Segment Start: PROVIDED INFORMATION

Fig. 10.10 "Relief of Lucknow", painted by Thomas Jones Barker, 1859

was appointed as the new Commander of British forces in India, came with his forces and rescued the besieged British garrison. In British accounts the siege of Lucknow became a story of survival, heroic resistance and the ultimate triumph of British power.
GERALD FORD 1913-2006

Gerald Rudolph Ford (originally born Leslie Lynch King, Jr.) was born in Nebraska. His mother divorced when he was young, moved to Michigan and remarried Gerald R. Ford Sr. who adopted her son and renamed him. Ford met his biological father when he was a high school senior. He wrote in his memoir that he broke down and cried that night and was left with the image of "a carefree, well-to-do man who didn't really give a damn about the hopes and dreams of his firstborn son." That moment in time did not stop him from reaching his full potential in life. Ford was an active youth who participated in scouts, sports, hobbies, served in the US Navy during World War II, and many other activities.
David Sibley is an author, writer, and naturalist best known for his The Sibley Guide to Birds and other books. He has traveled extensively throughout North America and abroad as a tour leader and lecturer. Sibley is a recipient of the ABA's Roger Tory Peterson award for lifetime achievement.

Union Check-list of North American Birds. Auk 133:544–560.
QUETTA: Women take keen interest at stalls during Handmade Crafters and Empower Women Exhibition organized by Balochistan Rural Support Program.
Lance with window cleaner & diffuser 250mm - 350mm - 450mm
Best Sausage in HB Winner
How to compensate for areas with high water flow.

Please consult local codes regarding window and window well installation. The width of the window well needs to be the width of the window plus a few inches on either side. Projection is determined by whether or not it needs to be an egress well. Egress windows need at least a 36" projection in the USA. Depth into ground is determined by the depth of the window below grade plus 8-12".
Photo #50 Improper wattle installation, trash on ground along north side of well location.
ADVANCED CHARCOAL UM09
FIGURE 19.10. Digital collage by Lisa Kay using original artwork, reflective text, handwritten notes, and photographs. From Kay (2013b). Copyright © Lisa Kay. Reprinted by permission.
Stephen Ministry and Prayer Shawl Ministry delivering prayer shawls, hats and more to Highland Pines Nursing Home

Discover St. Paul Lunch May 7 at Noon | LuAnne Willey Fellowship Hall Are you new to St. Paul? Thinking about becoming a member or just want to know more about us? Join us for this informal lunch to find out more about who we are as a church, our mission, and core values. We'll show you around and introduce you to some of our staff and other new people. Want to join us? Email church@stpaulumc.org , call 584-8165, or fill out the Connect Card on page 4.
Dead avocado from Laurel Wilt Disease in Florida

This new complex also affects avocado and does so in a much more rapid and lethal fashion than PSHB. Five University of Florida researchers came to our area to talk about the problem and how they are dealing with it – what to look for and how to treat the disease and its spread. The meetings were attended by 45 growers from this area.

Segment End: PROVIDED INFORMATION
Segment Start: PROVIDED INFORMATION

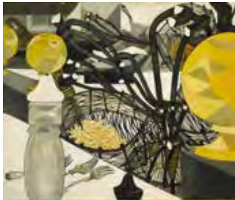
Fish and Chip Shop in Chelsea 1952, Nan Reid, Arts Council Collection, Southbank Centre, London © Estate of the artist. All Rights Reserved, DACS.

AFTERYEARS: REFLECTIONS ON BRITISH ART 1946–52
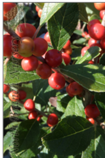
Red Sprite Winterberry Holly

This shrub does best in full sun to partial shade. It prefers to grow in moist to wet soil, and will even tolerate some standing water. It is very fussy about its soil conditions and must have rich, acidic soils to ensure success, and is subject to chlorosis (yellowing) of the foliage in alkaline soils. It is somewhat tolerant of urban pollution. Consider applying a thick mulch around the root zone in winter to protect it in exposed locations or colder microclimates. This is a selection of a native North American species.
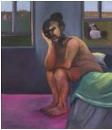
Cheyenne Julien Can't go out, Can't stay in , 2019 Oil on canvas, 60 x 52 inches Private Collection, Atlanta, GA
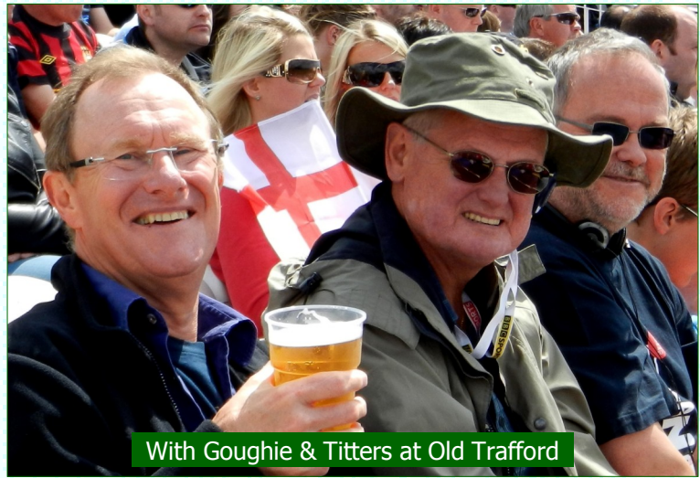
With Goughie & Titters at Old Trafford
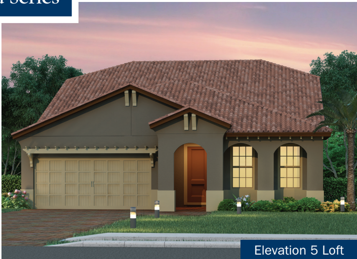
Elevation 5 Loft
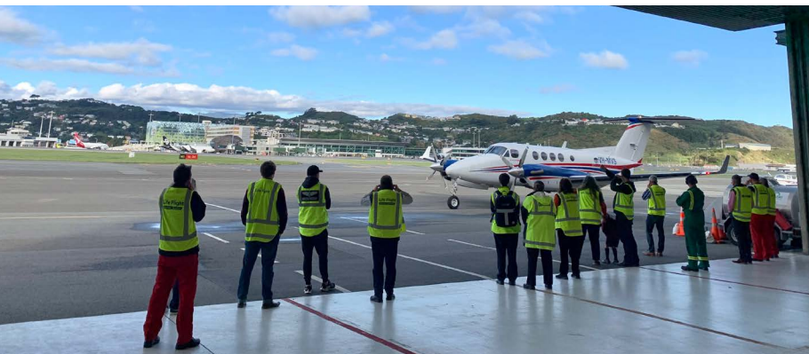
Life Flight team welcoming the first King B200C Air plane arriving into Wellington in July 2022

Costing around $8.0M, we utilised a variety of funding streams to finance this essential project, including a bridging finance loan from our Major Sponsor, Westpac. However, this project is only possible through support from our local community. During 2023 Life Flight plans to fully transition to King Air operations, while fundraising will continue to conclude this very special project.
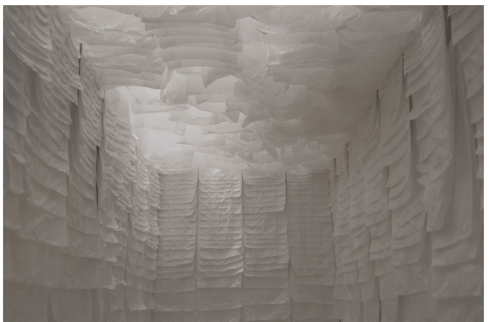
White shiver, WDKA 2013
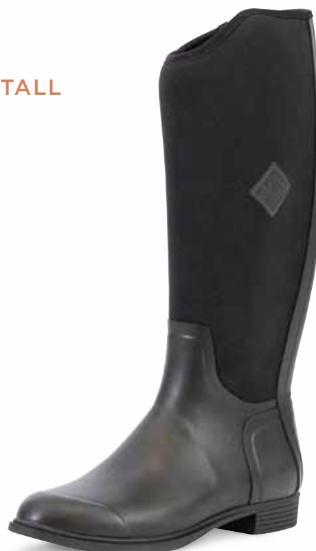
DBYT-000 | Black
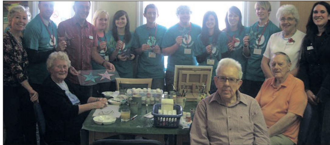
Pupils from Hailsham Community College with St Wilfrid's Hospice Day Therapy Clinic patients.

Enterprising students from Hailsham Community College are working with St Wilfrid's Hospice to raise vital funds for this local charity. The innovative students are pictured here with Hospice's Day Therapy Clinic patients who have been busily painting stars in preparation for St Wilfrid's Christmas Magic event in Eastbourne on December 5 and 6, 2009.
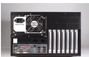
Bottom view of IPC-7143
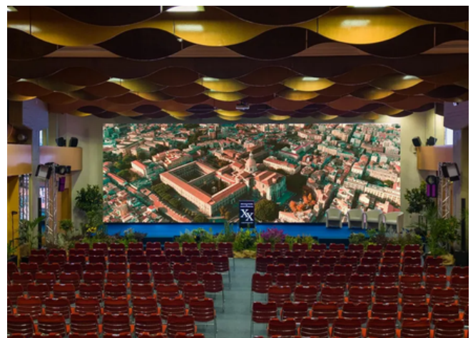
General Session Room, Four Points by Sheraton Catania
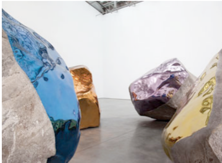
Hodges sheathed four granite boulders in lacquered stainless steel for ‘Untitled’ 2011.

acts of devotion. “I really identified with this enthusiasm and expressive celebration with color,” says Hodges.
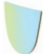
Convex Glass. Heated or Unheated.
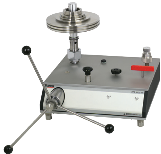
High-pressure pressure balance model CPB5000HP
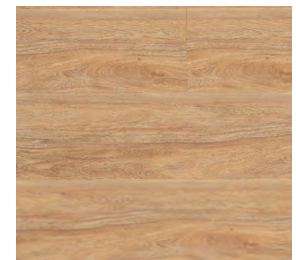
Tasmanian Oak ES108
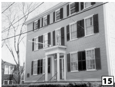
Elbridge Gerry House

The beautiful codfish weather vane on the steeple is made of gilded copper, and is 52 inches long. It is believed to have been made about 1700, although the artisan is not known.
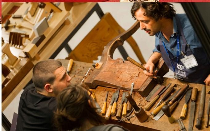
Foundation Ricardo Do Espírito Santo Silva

Segment End: PROVIDED INFORMATION
Segment Start: PROVIDED INFORMATION

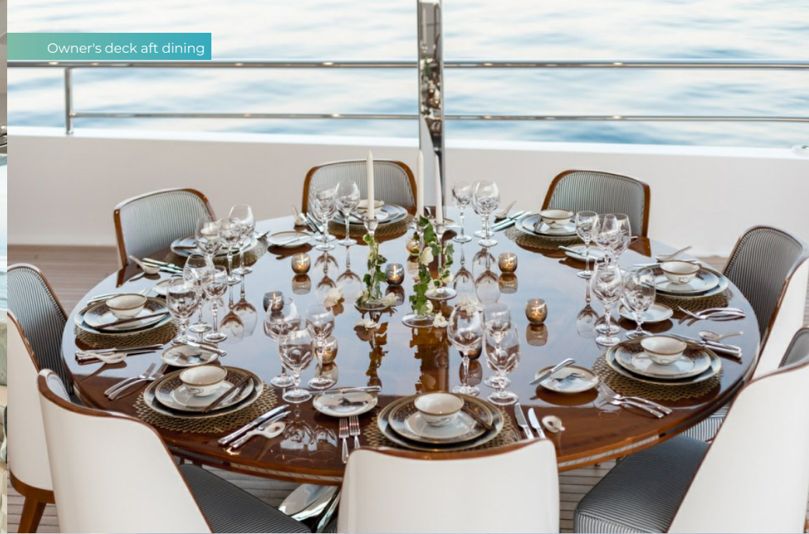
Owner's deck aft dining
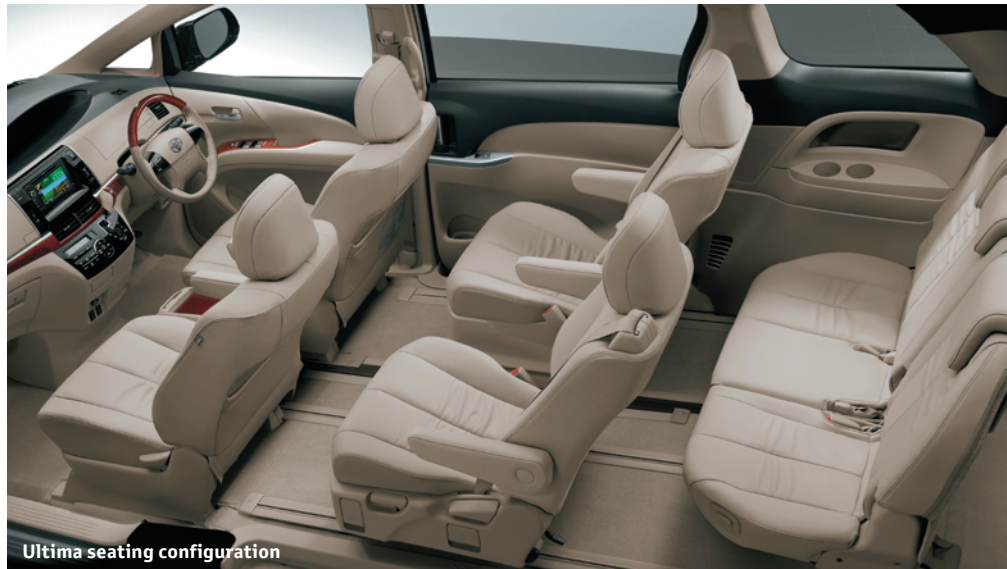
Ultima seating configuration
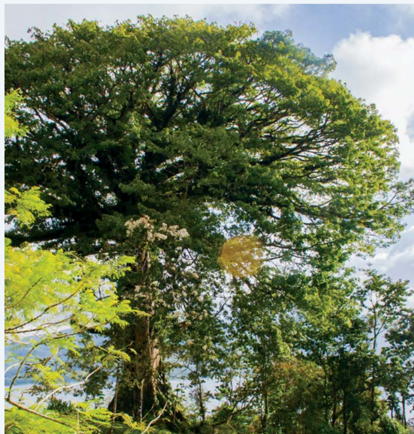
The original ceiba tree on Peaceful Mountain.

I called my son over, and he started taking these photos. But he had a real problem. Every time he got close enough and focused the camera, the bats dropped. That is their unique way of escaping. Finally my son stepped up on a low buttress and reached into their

Segment End: PROVIDED INFORMATION

YOUR GOAL:
Whenever a line in the entries above includes the word "Therapy", pull that line out.

TASK OUTPUT:
Pupils from Hailsham Community College with St Wilfrid's Hospice Day Therapy Clinic patients.
Enterprising students from Hailsham Community College are working with St Wilfrid's Hospice to raise vital funds for this local charity. The innovative students are pictured here with Hospice's Day Therapy Clinic patients who have been busily painting stars in preparation for St Wilfrid's Christmas Magic event in Eastbourne on December 5 and 6, 2009.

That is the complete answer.